■ Directions for this task: Search the records for the word "that" and copy each line in which it appears.

■ Given records:

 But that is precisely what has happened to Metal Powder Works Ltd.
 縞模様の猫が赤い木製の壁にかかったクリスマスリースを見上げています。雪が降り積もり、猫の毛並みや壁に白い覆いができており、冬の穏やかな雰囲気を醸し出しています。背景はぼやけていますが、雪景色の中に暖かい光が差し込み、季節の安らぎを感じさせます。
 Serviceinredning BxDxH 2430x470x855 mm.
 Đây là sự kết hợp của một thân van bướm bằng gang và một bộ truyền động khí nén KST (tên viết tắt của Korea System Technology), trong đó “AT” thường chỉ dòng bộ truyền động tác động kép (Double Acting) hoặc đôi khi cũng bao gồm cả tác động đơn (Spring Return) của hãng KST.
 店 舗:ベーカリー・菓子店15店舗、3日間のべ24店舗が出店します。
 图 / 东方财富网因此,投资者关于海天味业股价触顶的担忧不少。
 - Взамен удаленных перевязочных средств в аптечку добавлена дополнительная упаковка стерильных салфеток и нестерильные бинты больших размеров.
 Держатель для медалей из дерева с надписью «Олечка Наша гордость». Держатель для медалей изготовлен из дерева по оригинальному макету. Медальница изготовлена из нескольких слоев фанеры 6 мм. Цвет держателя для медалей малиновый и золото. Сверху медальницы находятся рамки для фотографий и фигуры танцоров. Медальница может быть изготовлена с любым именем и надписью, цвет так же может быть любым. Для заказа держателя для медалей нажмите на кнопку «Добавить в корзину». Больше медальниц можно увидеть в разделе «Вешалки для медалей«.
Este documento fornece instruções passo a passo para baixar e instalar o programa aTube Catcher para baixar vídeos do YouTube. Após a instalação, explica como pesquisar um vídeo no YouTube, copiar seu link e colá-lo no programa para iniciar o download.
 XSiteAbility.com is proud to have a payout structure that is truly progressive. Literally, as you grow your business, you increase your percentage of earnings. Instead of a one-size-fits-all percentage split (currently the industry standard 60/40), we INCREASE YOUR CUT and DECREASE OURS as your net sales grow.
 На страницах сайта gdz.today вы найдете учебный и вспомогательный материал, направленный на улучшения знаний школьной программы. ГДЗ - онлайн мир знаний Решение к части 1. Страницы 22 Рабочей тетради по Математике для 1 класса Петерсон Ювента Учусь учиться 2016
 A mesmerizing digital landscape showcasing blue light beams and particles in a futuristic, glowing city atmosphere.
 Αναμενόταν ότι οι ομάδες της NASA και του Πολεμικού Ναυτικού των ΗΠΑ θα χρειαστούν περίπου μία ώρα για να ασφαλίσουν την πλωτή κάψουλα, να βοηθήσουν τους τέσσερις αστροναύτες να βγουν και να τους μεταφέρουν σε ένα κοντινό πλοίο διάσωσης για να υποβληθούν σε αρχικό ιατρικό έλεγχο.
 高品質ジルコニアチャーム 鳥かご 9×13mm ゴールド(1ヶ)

■ Response to this exercise:
 But that is precisely what has happened to Metal Powder Works Ltd.
 XSiteAbility.com is proud to have a payout structure that is truly progressive. Literally, as you grow your business, you increase your percentage of earnings. Instead of a one-size-fits-all percentage split (currently the industry standard 60/40), we INCREASE YOUR CUT and DECREASE OURS as your net sales grow.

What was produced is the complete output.